TASK INSTRUCTIONS:
Within the listing below, the lines to output run from the one containing "Our uniquely styled" through the one containing "内容は 「ゲームクリエーターの仕事紹介」、 「ゲームを安全に楽しむ方法・レーティング講座」"; copy them exactly and nothing else.

GIVEN RECORDS:
·····

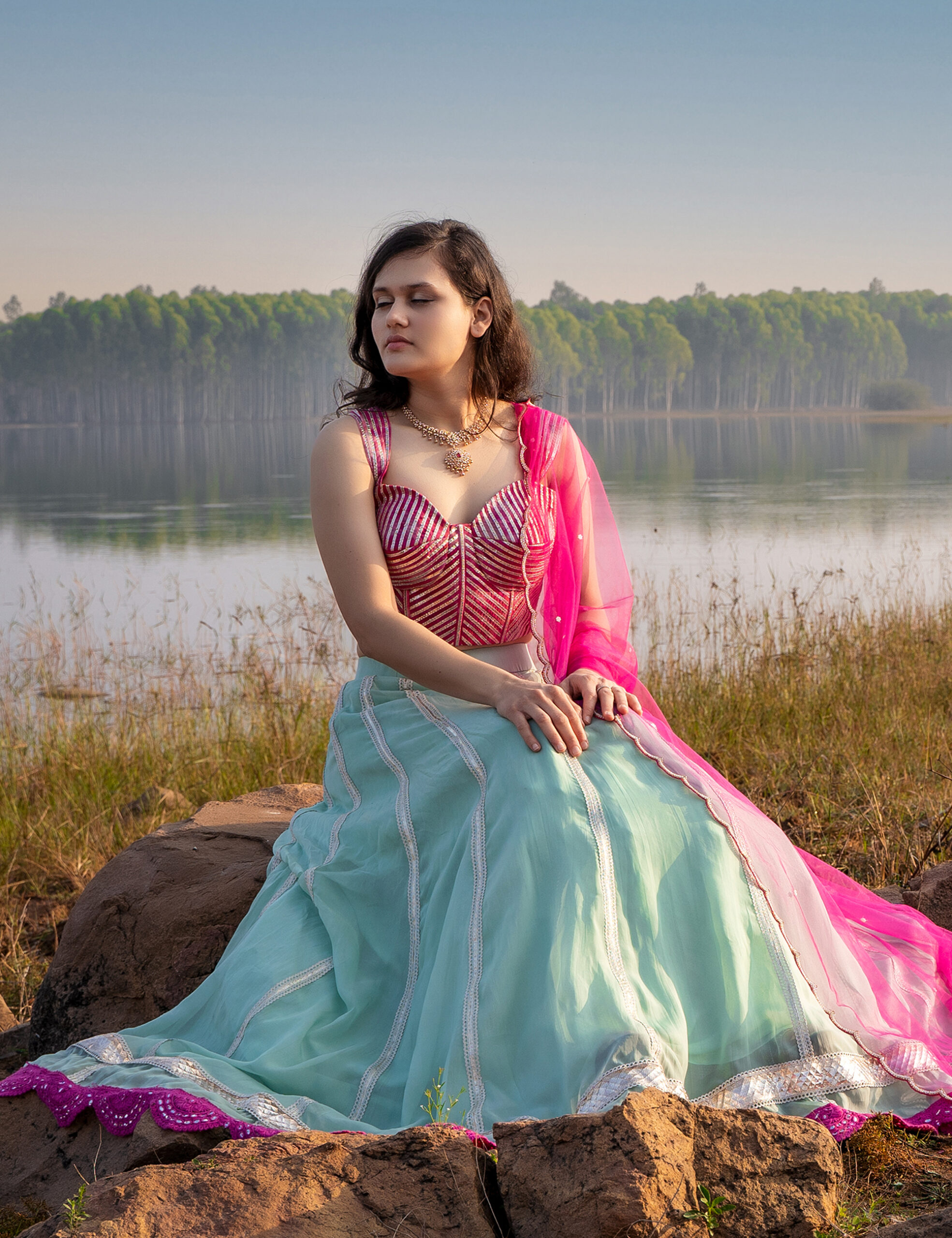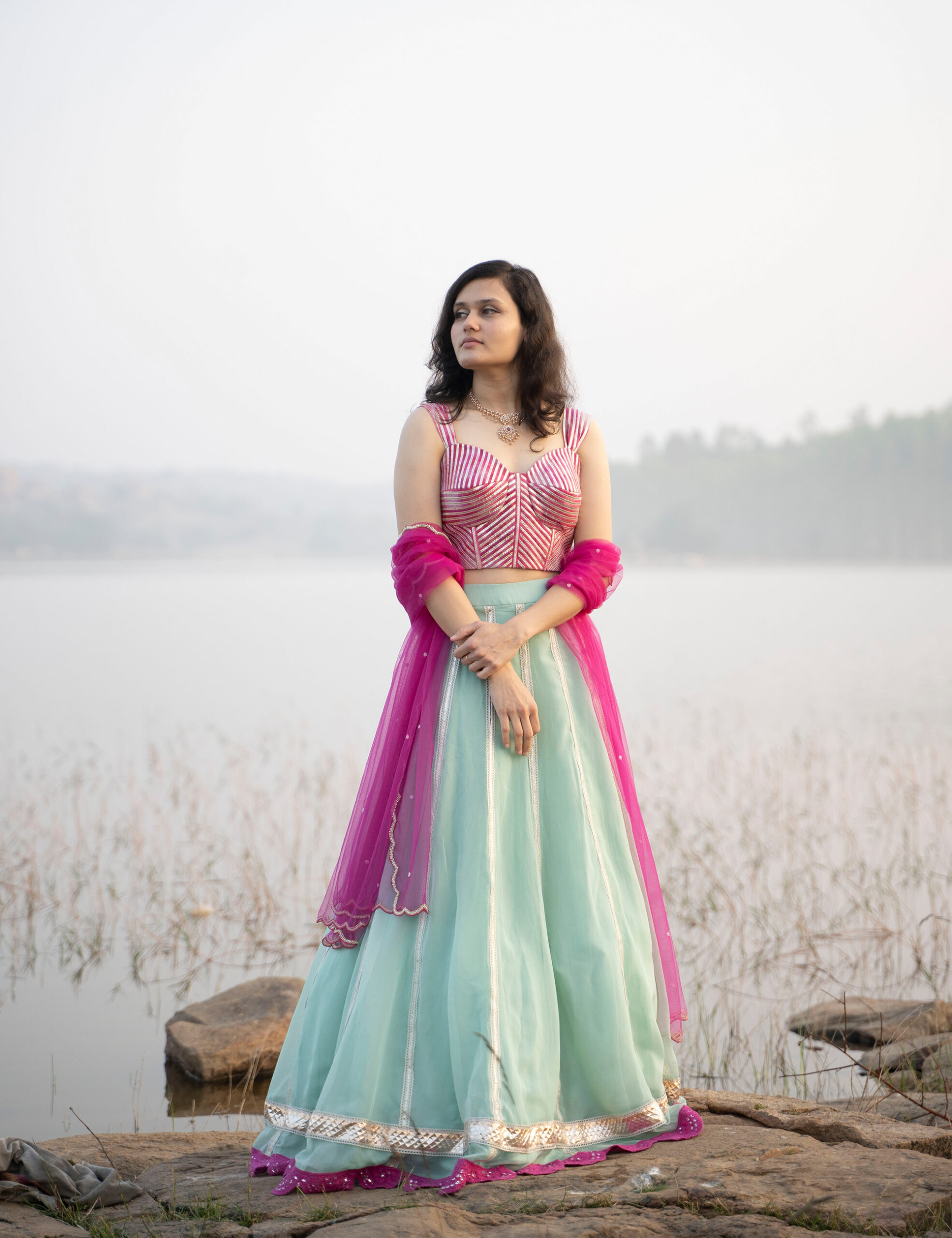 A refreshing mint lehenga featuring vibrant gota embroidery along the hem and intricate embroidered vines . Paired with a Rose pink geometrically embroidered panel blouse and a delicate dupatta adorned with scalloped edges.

·····

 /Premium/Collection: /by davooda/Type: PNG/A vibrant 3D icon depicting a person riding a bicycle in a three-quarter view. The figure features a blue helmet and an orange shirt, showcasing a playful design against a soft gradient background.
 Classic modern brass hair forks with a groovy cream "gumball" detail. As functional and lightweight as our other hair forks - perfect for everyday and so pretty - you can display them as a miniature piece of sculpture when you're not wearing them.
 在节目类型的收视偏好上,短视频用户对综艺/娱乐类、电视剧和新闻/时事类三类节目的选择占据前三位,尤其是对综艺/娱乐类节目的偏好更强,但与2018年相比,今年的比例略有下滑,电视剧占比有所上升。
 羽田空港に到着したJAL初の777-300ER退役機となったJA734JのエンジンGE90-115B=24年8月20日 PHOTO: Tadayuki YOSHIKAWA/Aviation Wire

·····

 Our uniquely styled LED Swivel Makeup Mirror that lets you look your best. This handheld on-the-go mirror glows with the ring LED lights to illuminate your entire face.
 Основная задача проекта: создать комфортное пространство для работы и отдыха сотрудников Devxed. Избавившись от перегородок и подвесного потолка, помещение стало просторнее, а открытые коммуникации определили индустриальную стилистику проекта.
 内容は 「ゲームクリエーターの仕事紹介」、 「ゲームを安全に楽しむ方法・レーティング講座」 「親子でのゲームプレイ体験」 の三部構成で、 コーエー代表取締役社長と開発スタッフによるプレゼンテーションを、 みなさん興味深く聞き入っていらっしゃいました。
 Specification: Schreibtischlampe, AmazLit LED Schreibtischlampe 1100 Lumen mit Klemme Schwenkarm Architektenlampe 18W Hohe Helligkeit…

·····

TASK ANSWER:
 Our uniquely styled LED Swivel Makeup Mirror that lets you look your best. This handheld on-the-go mirror glows with the ring LED lights to illuminate your entire face.
 Основная задача проекта: создать комфортное пространство для работы и отдыха сотрудников Devxed. Избавившись от перегородок и подвесного потолка, помещение стало просторнее, а открытые коммуникации определили индустриальную стилистику проекта.
 内容は 「ゲームクリエーターの仕事紹介」、 「ゲームを安全に楽しむ方法・レーティング講座」 「親子でのゲームプレイ体験」 の三部構成で、 コーエー代表取締役社長と開発スタッフによるプレゼンテーションを、 みなさん興味深く聞き入っていらっしゃいました。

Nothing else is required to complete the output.